When the Milsteins began the approval process for 30 Lincoln Plaza in the 1970s, they had asked for a larger building — a 43-story tower with a floor area ratio, or FAR, of 21.6. Eventually they were approved for a 32-story — plus penthouse — mixed-use building with an FAR of 14.4.
The recent lawsuit claims that the building is substantially larger than that, with an FAR of around 15.6. It also alleges that the Milsteins falsely certified to the city that they had built the tower to the correct dimensions, and that during the conversion process some 30 years later, Howard Milstein misled the AG by saying there were no zoning violations at the site.
“These people have a track record of not being very truthful,” argued Farren, the tenants’ attorney.
Moreover, “the building [has] one too many floors,” the suit claims. While the 33rd floor (actually the 32nd, because there is no 13th floor) was described in the original plans as “mechanical space,” the sponsor actually intended to use it for additional apartments, the suit alleges. It points to the high ceilings and large windows as evidence.
A visit by The Real Deal last month confirmed that the 33rd floor — which now appears to be used primarily for storage — does indeed have large, residential-style windows and high ceilings.

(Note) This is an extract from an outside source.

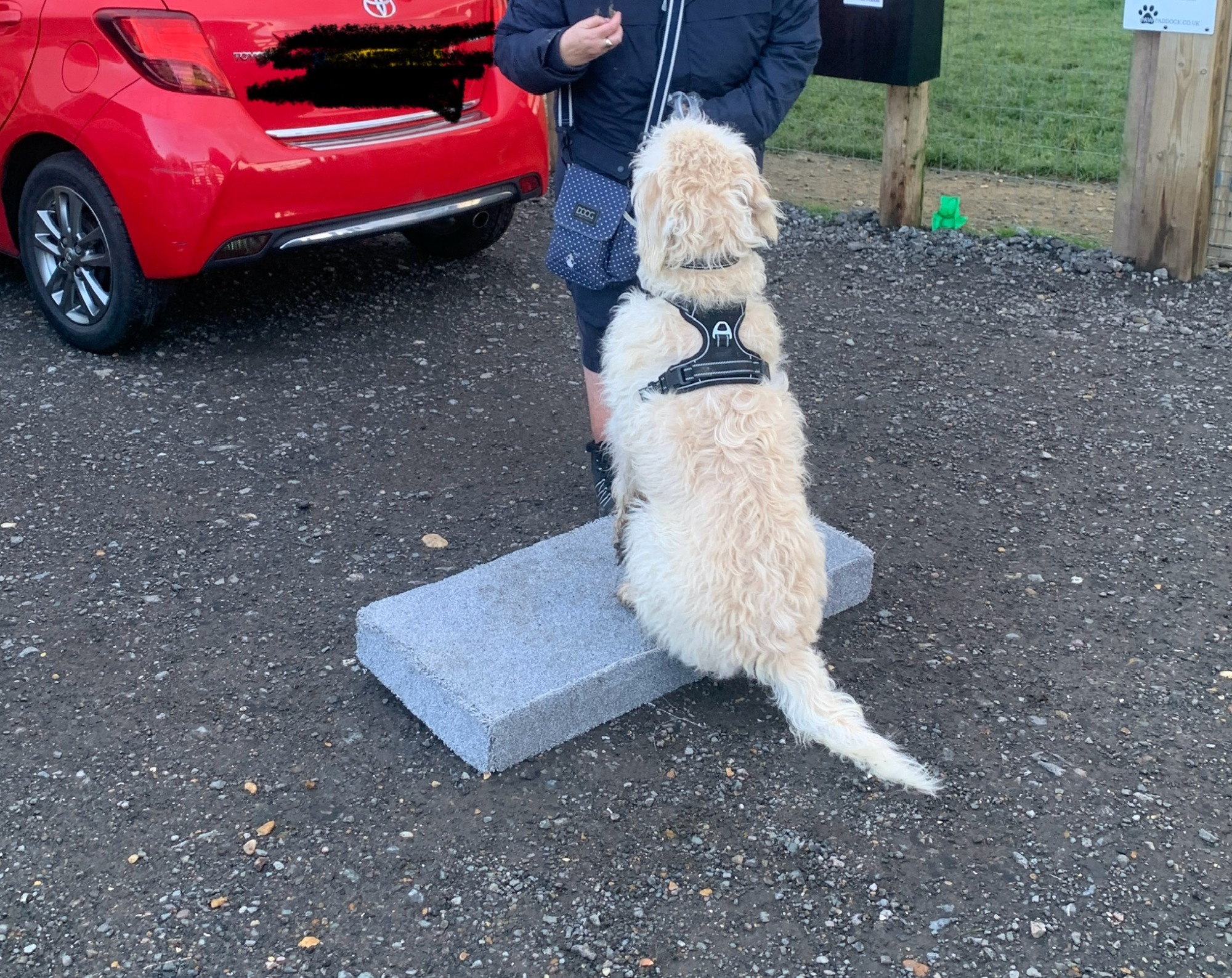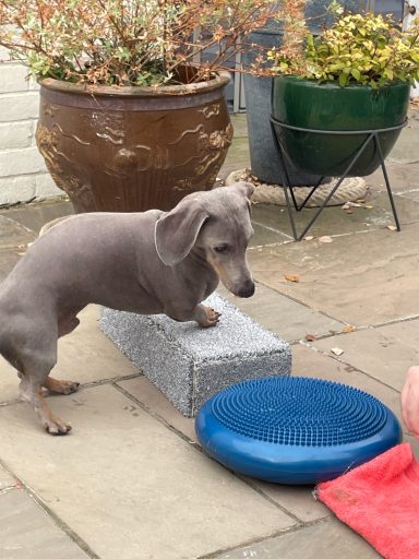 Pippa... Paws Up a sensory exercise. Allows a dog to concentrate on something other than the environment.

The Milsteins have always contended they never intended to use it for apartments. “[It] was designed to be used as mechanical space and the space is today uninhabitable and not used for any other purpose,” wrote Paul Selver, an attorney for the sponsor, in a 1984 letter to the city.
However, the Department of Buildings issued a violation in 1984 stopping the sponsor from partitioning the space and putting in plumbing, indicating they planned to install apartments there, Farren said. The two parties were able to resolve the dispute, but only because the Milsteins hid the extent to which the building was overbuilt, the current suit says.

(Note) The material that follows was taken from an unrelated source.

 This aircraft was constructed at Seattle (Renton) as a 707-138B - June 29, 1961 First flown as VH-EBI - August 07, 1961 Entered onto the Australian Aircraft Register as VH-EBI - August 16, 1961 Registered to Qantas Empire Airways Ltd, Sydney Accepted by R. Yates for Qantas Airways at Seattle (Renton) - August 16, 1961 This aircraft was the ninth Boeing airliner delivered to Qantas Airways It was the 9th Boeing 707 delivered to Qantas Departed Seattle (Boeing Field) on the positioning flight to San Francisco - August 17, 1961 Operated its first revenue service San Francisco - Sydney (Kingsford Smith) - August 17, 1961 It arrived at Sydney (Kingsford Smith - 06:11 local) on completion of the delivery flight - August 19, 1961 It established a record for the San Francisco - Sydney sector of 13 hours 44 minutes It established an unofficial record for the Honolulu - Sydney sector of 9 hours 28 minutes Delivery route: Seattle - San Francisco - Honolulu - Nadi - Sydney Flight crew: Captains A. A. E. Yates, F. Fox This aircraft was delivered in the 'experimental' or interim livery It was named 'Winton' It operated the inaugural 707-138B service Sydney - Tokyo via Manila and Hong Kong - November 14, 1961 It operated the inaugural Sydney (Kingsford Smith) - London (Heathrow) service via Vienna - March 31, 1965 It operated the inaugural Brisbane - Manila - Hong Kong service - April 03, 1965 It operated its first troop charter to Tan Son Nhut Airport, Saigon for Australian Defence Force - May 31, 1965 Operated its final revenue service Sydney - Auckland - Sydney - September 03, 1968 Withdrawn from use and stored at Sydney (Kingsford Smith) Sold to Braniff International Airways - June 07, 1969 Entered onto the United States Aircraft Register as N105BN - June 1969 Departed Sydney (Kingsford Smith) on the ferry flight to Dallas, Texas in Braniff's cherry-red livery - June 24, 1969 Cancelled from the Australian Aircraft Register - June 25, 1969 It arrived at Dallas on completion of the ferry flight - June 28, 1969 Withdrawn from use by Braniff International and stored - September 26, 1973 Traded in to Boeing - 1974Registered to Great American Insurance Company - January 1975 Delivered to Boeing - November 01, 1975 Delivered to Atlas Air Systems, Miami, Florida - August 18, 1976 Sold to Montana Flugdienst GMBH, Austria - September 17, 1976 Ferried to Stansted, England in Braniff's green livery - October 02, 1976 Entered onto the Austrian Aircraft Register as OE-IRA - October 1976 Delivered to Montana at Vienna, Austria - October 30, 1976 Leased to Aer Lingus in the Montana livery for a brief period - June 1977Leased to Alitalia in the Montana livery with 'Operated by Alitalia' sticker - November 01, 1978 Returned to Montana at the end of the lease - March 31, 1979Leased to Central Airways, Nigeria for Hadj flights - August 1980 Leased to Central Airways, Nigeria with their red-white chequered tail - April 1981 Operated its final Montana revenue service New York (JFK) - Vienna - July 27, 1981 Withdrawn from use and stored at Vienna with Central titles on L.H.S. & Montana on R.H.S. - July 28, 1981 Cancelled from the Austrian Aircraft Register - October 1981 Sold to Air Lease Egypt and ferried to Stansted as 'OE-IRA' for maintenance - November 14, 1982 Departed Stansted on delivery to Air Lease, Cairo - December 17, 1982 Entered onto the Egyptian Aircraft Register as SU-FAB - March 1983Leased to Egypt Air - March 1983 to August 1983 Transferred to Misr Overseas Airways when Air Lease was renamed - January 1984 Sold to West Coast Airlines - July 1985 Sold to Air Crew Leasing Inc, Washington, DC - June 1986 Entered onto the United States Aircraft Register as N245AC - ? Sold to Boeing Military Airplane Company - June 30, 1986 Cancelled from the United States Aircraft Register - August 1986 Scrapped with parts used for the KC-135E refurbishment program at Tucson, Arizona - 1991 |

Selver’s letter conceded that “there is a difference of approximately five feet six inches” between what was built and what the Board of Standards and Appeals approved, but did not acknowledge the other zoning discrepancies alleged in the suit.
So how does a 30-year-old zoning violation — if it actually occurred — matter to a current-day conversion?

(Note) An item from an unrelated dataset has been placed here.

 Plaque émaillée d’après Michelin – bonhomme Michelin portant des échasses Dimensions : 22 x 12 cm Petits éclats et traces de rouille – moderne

There is no statute of limitations on zoning violations, Farren said, so the city has the right to demand some kind of compensation, or even require that the extra space be demolished.
A spokesperson for the AG declined to comment, citing pending litigation, and the DOB did not respond to repeated requests for comment.
The suit also claims that Howard Milstein “falsely certified” information in the offering plan, including the fact that there was no litigation in connection with the property, even after Salnikova’s 2008 suit was filed.
When The Real Deal first wrote about the suit last month, a Milstein spokesperson called the suit “complete nonsense from a tenant who has lost a number of lawsuits already.”
In Salnikova’s May 2008 suit against the sponsor, she claimed to be a rent-stabilized tenant, which would allow her to block a sale of her apartment if she decided against buying it. The judge rejected her request for an injunction, stating that Salnikova had signed a lease that “expressly declared that the apartment was no longer rent stabilized,” according to court documents.
Decision time
30 Lincoln Plaza is at the center of a lawsuit.
Even if 30 Lincoln Plaza is overbuilt, it’s possible that Seymour and Paul didn’t purposefully break the law. “The zoning laws are so complex that nobody knows what they should be doing,” Stern noted.
And while the Milsteins have their detractors, they also have avid supporters who point to their impressive record of successful projects, like the Milford Plaza.
Howard Milstein is “one of the smartest guys I’ve ever met,” said Purcell.
When asked about tales of Milstein’s storied arrogance, Purcell said: “He’s not a touchy-feely person. You can’t be loved by everyone when you’re that successful. He’s tough and he’s shrewd — that’s not a bad thing.”